There is another reason to swatch, when you are on the design side of things.  It is possible to write up a chart, in excel or any other charting software, that completely, absolutely and positively adds up, but can't be knit!.  Even when every decrease has it's opposite increase, and you think you have accounted for how stitches move in the fabric because of those increases and decreases, sometimes you just have to try knitting it to see how it really works out. (For instance, I can chart a beautiful cable in excel, let's say it is a 48 stitch cable, I can write instructions saying to slip 24 stitches to a cable needle and hold them to the front of the work, knit 24 from your left hand needle and then the 24 from the cable needle, but you can't do it! No matter how springy that merino is you have in your hands it will not stretch that far!)

Usually when I am designing a shawl I knit a pretty big swatch.  Depending on pattern repeats (if there are any) I could be knitting a swatch that is up to half the size of my finished piece, just to make sure that all the elements line up the way I want them to.

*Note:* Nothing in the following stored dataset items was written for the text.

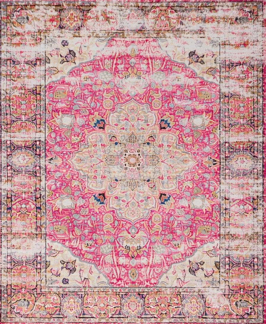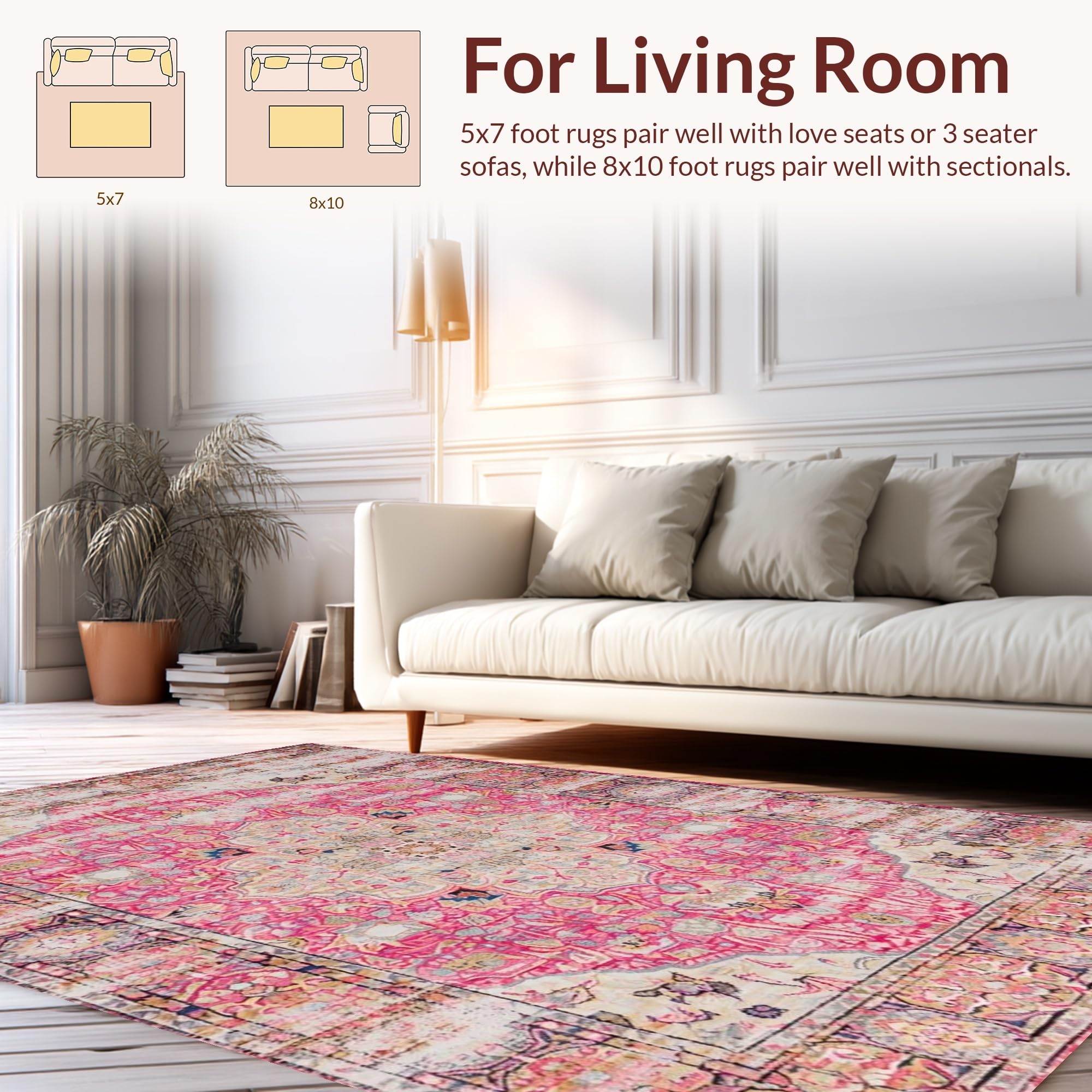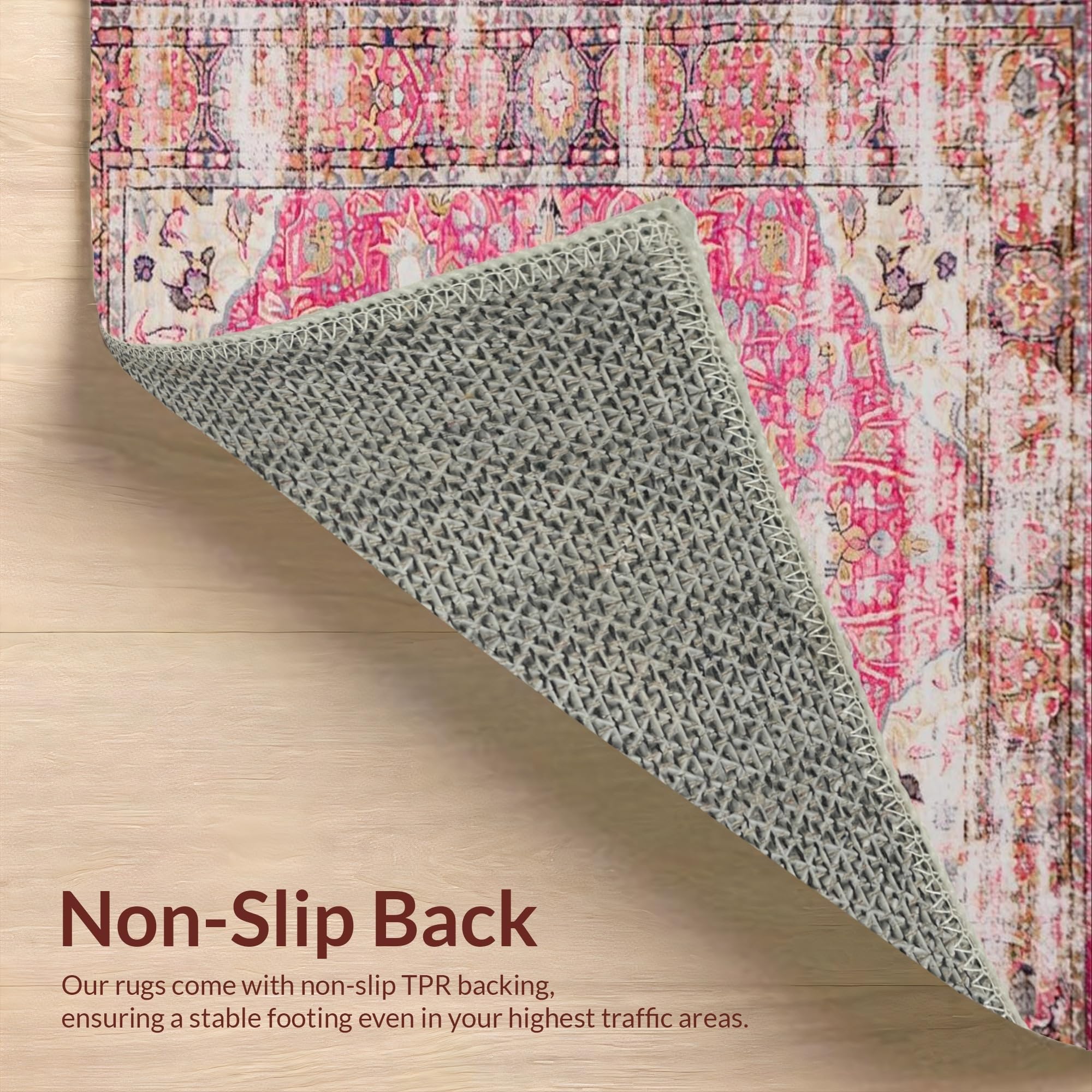 Ultra Soft Area Rug, Non Slip, Stain Resistant, Washable Area Rugs for Living Room, Bedroom, Chic Vintage Ogee Aesthetic(Pink) Overview: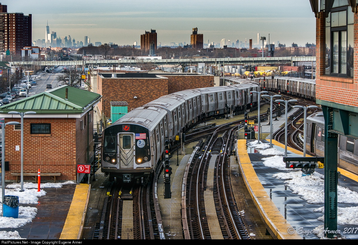 When a F is actually a D... At the Coney Island-Stilwell Avenue station, terminus for the D, F, N and Q trains, a F train is arriving off the D line from Manhattan, on a weekend when maintenance schedules had D trains running on the F line, and vice versa. This station has eight tracks and four island platforms. According to the New York City Transit Authority, this makes it one of the world's largest elevated transportation terminals, as well as the largest in North America.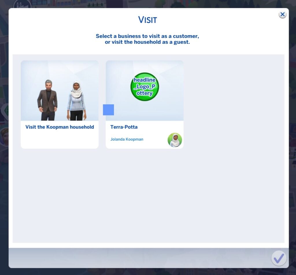 模拟人生创造者@Simmattically发布了世界地图视图中新访问屏幕的屏幕截图。让您选择是否愿意以客户或家庭客人的身份访问小型企业。
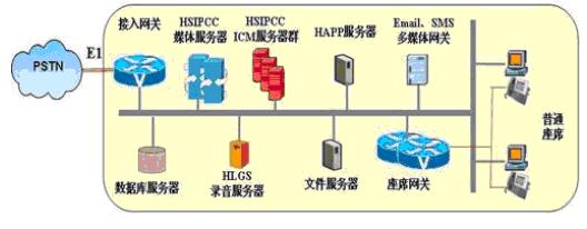 BPO基地一般均配备了专业机房、不间断电源、高性能服务器和网关设备,采用IP式呼叫中心软硬件系统,系统结构示意图如下: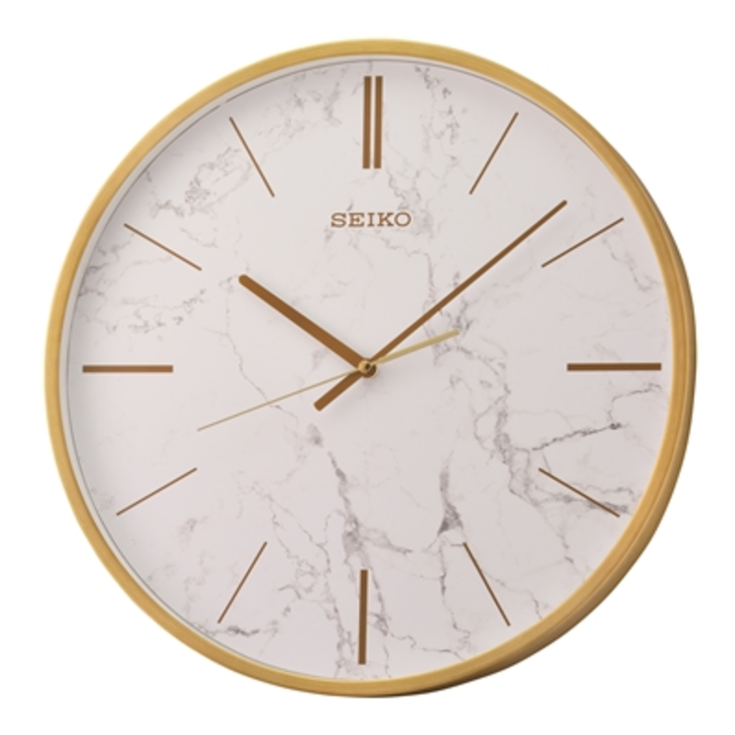 The 16" Carrara Wall clock is as elegant as its name. Evoking the look of white marble in a gold wall clock. Perfectly matches kitchen stone countertops or beautiful living rooms. Features include golden color numeral markings, quiet sweep and a glass cover.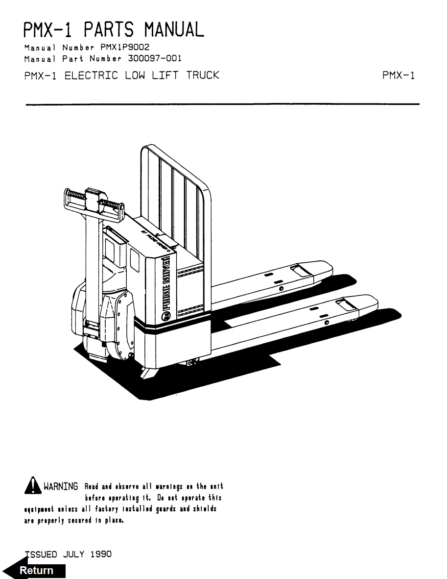 BT PMX PMX-1 ELECTRIC LOW LIFT TRUCK SERVICE REPAIR, OPERATOR, PARTS MANUAL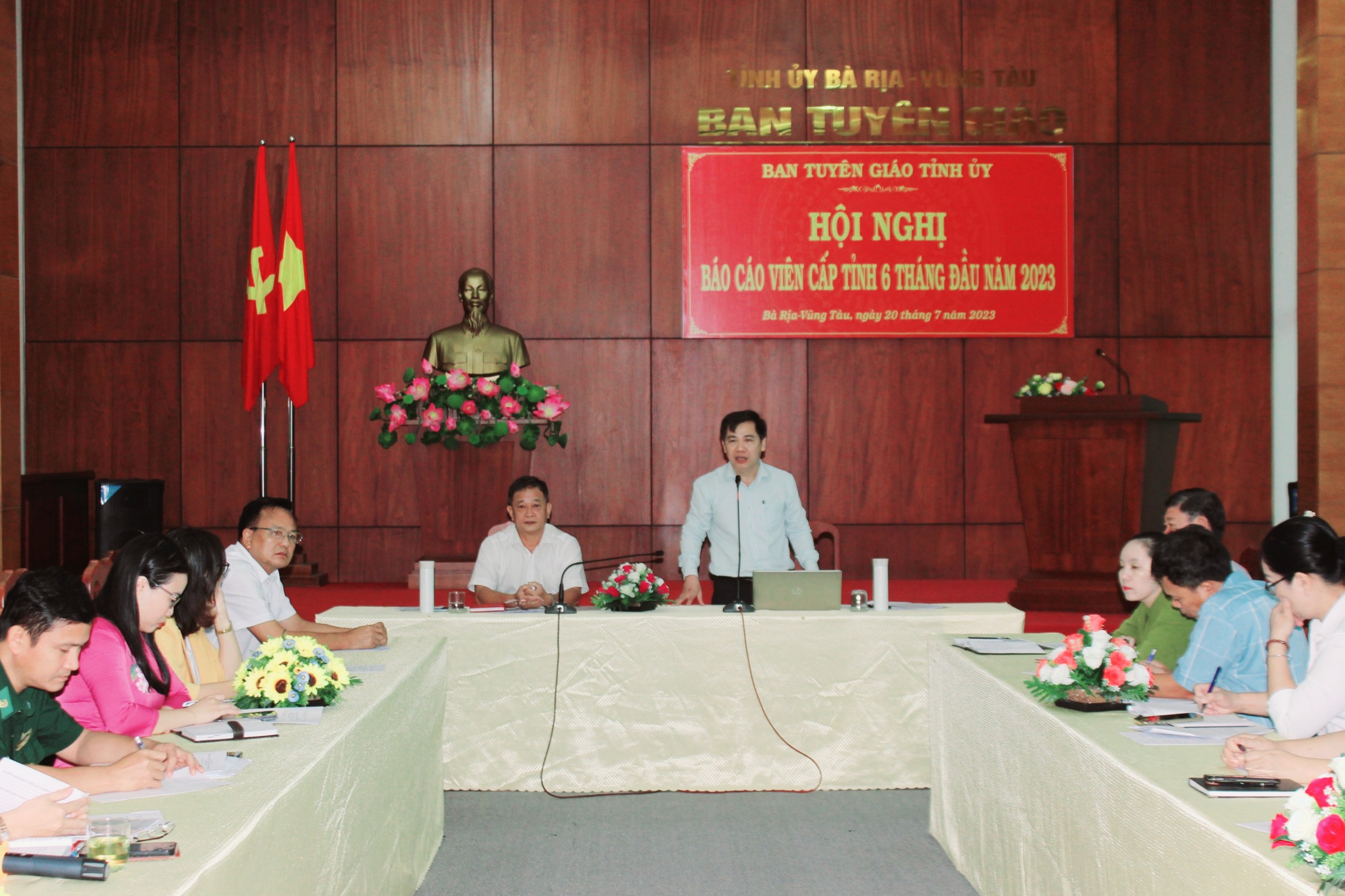 Ban Tuyên giáo Tỉnh ủy đã tổ chức các hội nghị của tỉnh, nối cầu hội nghị trực tuyến và tham dự hội nghị do Ban Tuyên giáo Trung ương tổ chức; tổ chức 1 đợt nghiên cứu, tìm hiểu thực tế cho đội ngũ báo cáo viên cấp tỉnh tại Công ty TNHH Hóa dầu Long Sơn và Đồn Biên phòng Long Sơn; 1 lớp tập huấn kỹ năng nghiệp vụ báo cáo viên, tuyên truyền viên cho 150 báo cáo viên và tuyên truyền viên cơ sở.

Sometimes it is lots of little swatches, just a few rows of one pattern detail then the next.  I am pretty good at visualizing what the excel chart will look like knitted, but sometimes I want the security of knowing how it will look all knit up.

I didn't knit a swatch for the latest shawl creation before I started it. 


Notice I said before I started it!

Now usually when you knit a swatch it is with the yarn and needles you intend to use for the finished project.  But sometimes, when it is just checking that things that look good in excel look good in fabric, you can get away with cheating the way I am.

That grey shawl I started on Sunday, now has a baby sister. She is yellow and knit on much smaller needles (I was dying to try out the mini's I got last week) and I suppose you could say she is one section ahead of the grey one, although she is many rows smaller because I cut out the pattern repeats at the beginning.  She is still a top down, center spine, triangle though.  Because it was the spine I wanted to check.

Usually the spine is either just there, or incorporated into the body of the shawl pattern stitches.  In this case, the spine is the pattern and the rest of the shawl is just filler.

The title up there, it is meant more for me than for you.  I wouldn't be "leapfrogging" my knitting if I had bothered to knit the swatch in the first place!

Right now, the real shawl looks like any lace in progress. (In other words like knitting that the cat has chewed on and dragged around the house a few times!)  The swatch.......well I think she is rather pretty!